# Waiting game



## tigerbabe (May 26, 2011)

Anyone else at the stage of been approved but waiting for matches ? I am a very impatient person so this waiting game is really getting to me so much so the nursery is set up I've reorganised all the books and DVDs and now I'm trying to sort out a load of photos into albums! 
Arggggghh any tips whilst at this stage ? Have now got a while week off work as I work at a school so need to keep busy


----------



## babybiggles73 (Feb 15, 2010)

We are the same... trying to keep busy while waiting for the cpr's to be sent through. We have shown an interest in 2 profles (on tuesday) and our family finder keeps chasing for the cpr and keeps emails to say still waiting. I hate all the uncertainty.  I even resorted to decorating the hallway just to keep busy.  lets hope we all get matched soon and the wait won't seem so bad. Good luck x x x


----------



## Sq9 (Jan 15, 2013)

Yep we're waiting too!  Been approved since September and the way our la works means we don't get any profiles until our sw is sure she's found our match so we've seen nothing in 5 months.  Nursery is pretty much done but we have a few other bits still to do around the house - trying not to leave ourselves with nothing to do in case we've still got a while to wait!  I've been keeping sane(ish!!) by buying bits like slightly older aged clothes, toys, wet wipes etc all in the sales or on offer.  I've got no tips other than to try and keep busy.......and the odd glass or three of wine helps!! Hope we all get matched soon


----------



## Lizard39 (Nov 25, 2011)

I'm the same!!!  

We have only been approved just over a month - the first week I was dreadful & kept checking my phone, then I relaxed & was Ok for acouple of weeks & then the past week or so I've been going mad!
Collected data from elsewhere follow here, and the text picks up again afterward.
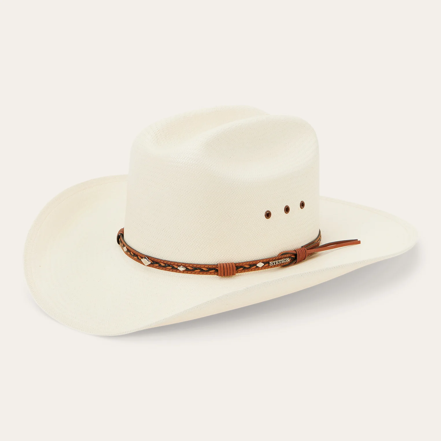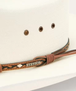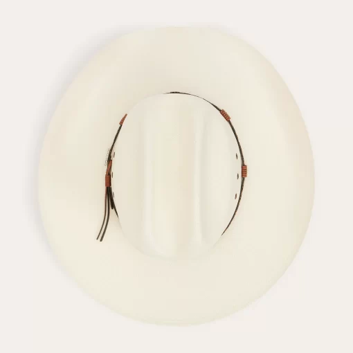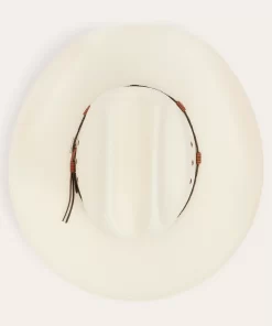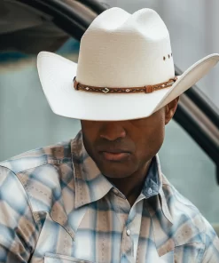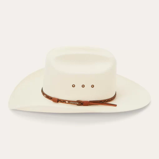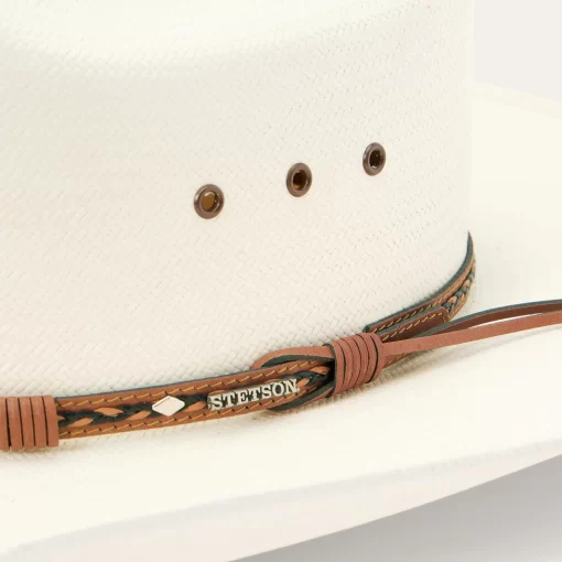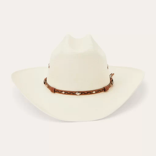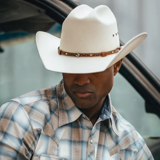 Handmade in the U.S.A. from high-quality shantung, the Ocala 8X Straw Cowboy Hat has a 4” brim and a 4 3/8” cattleman crown with eyelets for increased circulation and breathability. Its rugged Western style is enhanced by a two-tone braided leather hat band with diamond-shaped conchos and an absorbent DRI-LEX® sweatband ensures an all-day, comfortable fit.
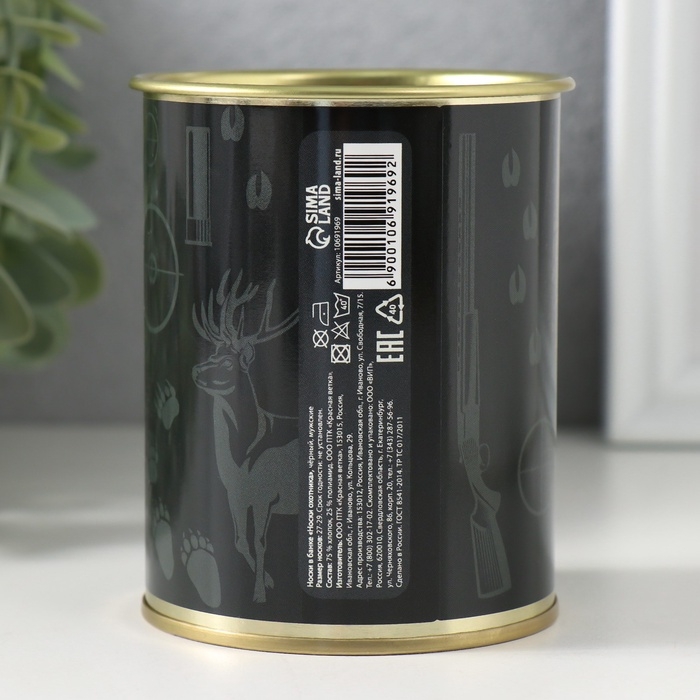Подарочные носки в банке «Охотника», (внутри носки мужские, цвет чёрный)
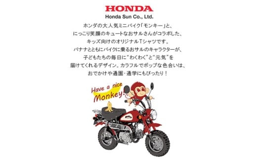 ホンダの大人気ミニバイク「モンキー」と、にっこり笑顔のキュートなおサルさんがコラボした、キッズ向けのオリジナルTシャツです。

We have every faith in our SW & she is very keen to match us with a 'teeny weeny LO' which is very encouraging & think she is working in the background on acouple of LO, but we don't have any details.

Had a lovely day time yesterday afternoon whilst hubby was at the rugby as I went to john Lewis, Mamas & Papas, Debenhams, Mothercare & Babies R us! Hubby & I went to John a Lewis a week ago & both loved the Silvercross Wayfarer pushchair ( & like to look of the new silvercross pioneer due out in April) but I was also quite impressed with the M&P Silo MTX yesterday. Anyone been looking at pushchairs yet or even actually purchased their yet? 

Tigerbabe & Sq9 - any recommendation of nursery furniture? We are after white & will buy the cotbed, drawers & wardrobe, but have yet to see a set that I really really like. 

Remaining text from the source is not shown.